Воистину, доброта этого человека была беспредельна. Ионе он сказал, что всю ночь видел его во сне, Буслову — что готовит ему сюрприз, Манюкину — что сегодня утром снова прослезился о его судьбе. О, великое сердце, зачем я познал тебя до конца!
— Прямо от нее! — расплываясь в лице, самодовольно подмигнул всем нам Илья. — С тестем о делах говорили! — сказал он почти сурово, но и через суровость перехлестнула доброта. — Ах, какой это… это…
— Ну ладно, не ищи. Отощали мы тут без тебя, — сказал я.
— Эх, Илюша, съест тебя Ларион! — горько сказал и Буслов.
Перебрасываясь суждениями, мы усаживались за столом. Иона пропел что-то коротенькое для освящения еды. Стемнело, и висячая керосиновая лампа входила в свои права. Все же какой-то унывностью были наполнены несколько минут последовавшего затем молчания. Безмолвные и как бы хмурые, сидя вкруг, мы глядели в кружки наши, полные хмельной и жидкой черноты. Высокие чувства переполняли нас. Как бы перекрестились пики, и на пересечении жал их лежит нагая и трепещущая дружба наша, незыблемая до сей поры. И как будто вот клянется биеньями своими редкозубовское сердце не изменять, хотя бы тысяча Пресловутых с приплодами препятствовали намеренью этому. Сладостное безмолвие наше могло бы длиться до бесконечности, ибо приятна всякая грусть, не влекущая материального ущерба… Но Радофиникин не понимал этого.

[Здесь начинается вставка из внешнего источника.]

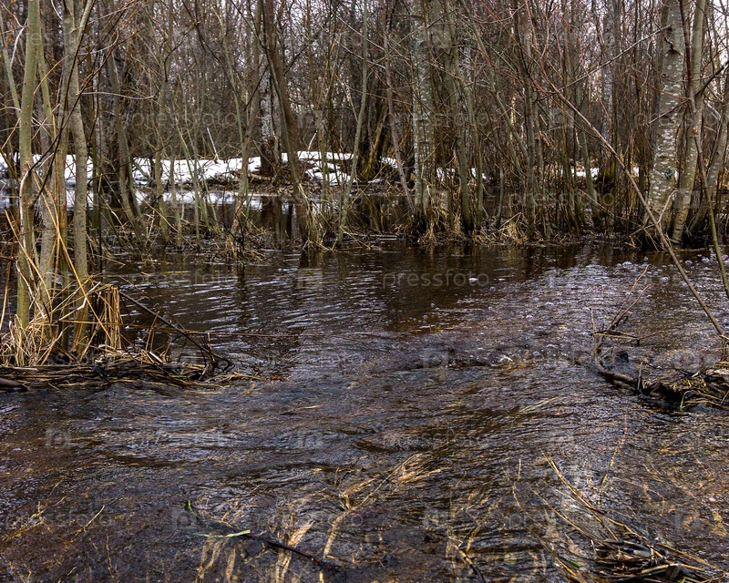 Ранней весной река вышла из берегов и затопила лес. Наводнение

— Какая сухая лета нынче была! — возгласил он со вздохом и, отхлебнув из кружки, чтоб не расплескать, поднял ее над головой. — Ну, со свиданьицем, значит!
— И за незыблемость союза нашего! — сказал Манюкин восторженно.
— И за Илью, чтоб не унывал, — прибавил Буслов.
— И за пиджак его! — предложил я, кивая на замечательный, цвета яростной гаванны, пиджак, в котором он пришел.